Jetzt stelle sich der Leser das Erstaunen eines Lazarus vor, den auf einmal ein Regent durch Hauptsalzkassierer in Gold einfassen lässet. – – Der Lazarus ist außer sich, er vergisset sich und alles, er weiß nichts zu machen – als die 7te Platte und den zahlenden Rendanten auf ihr. – Und so beschirm' ich (denk' ich) den Revisor gegen manchen. –
Ach man sollte sich mitten im frohesten Kommentar guter Holzplatten bei den moralischen komplizierten Brüchen und Wunden aufhalten, welche der Staat dem innern Menschen durch die Aushungerung des äußern schlägt! Denn wie können die Millionen Stubenbettler unserer Staaten, die von einem Kreuzer zum andern leben, z. B. die 150 000 Spinner im Österreich, die zu jedem sanften Ton in ihrem kakophonischen Dasein die Saite erst aus 120 Wollenfäden spinnen müssen – wie man zum C auf dem Kontrabaß ebenso viele Darmfäden von 12 Hammeln nimmt, deren Wolle jene verspinnen –, wie können diese Armen einen elenden Groschen verachten, auf den sie den ganzen Tag losarbeiten? Wie zusammengeknüllet und zusammenfahrend muß nicht eine Seele werden, die der Magen im Hungerturm des Staatsgebäudes parforce jagt und die wieder auf die Vorjagd des nächsten Bissens geht? Woher will die Humanität des froh lebenden Griechen, die Moralität des freiern, vom Glücke emanzipierten Menschen einem müden Geiste kommen, der keinen größern Zirkel von Ideen kennt als den seines Spinnrades und keine andern Radien als die der Weife, und der keine Lust hat als Eßlust? – Solange daher noch das Erdgeschoß des Staates ein Amsterdamer Raspelhaus voll Arbeitsstuben ohne Ruhebänke bleibt – und dieses bleibt so lange, als im höchsten Stockwerk des Staates nichts als Braut- und Grahams himmlische Betten stehen, die man nur verändert und nie verlässet –: so geb' ich nicht so viel, als ein altes Weib in einem Tag erspult, um die Kultur des Volks und um tausend andere Sachen.
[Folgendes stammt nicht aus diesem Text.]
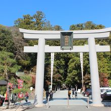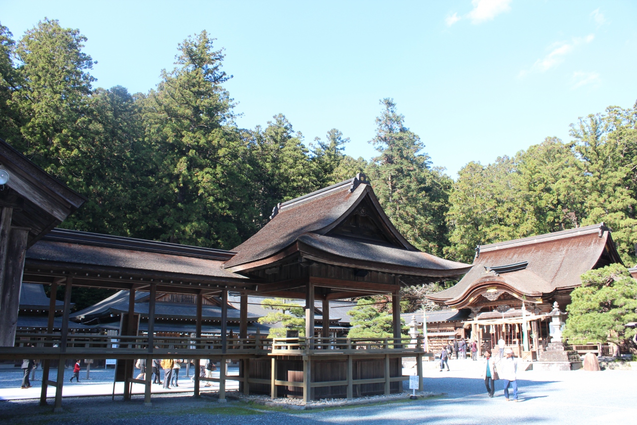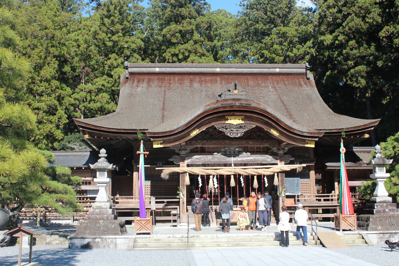 因幡の白ウサギの伝説と縁結びの神、福の神として知られている大黒様をお祭りしたお宮です。1400年あまりの古い歴史があり、杉の巨木との紅葉のマッチングが美しい神社です。今日、11月19日の時点では紅葉のすすみ具合は今一歩というところでした。後十日くらい先がピークかなと思います。大鳥居の前にあるみやげもの店が集まった一角、小國ことまち横丁はかなりにぎわっていました。七五三や初宮参りの人たちもお参りしていましたが、今日は平日なので昨年休日に訪れたときに比べれば人ではだいぶ少なく、ゆっくりとお参り・散策ができました。新東名高速道路が開通し、近くにインターチェンジができて東京方面・名古屋方面からのアクセスは昔に比べて大変便利になりました。

Ehe ich das siebente Gebot verlasse, weis' ich noch flüchtig auf einen feinen Zug des Künstlers hin, den Tausend übersehen. Er war dem Artisten wichtig genug, um ihn durch die Verhüllung der ganzen Gellertschen und Zimmermannschen Unterredung mit Serenissimo zu erkaufen. So wie nämlich die Hiobsplagen unsers Revisors abnehmen, so merzet er auch die Akteurs auf den Platten aus. Von Gebot zu Gebot schwindet wie in einer Anglaise einer weg. Im ersten Gebot geht noch das volle Siebengestirn – im zweiten fährt die Kunst bloß mit Sechsen – im dritten mit Fünfen (denn der kleine Holzhacker ist der Symmetrie wegen ins fünfte überzurechnen) – im vierten mit einem Postzug – im fünften zählen wir mit dem Latus-Holzhacker ein dreistimmiges Chor – im sechsten Gebote agieret wie gewöhnlich eine Stimme weniger – das siebente kömmt wie ebenso gewöhnlich mit einem Solospieler und Konklavisten aus. Das achte haben wir gar noch nicht vor uns; und daher wollen wir uns an dasselbe machen.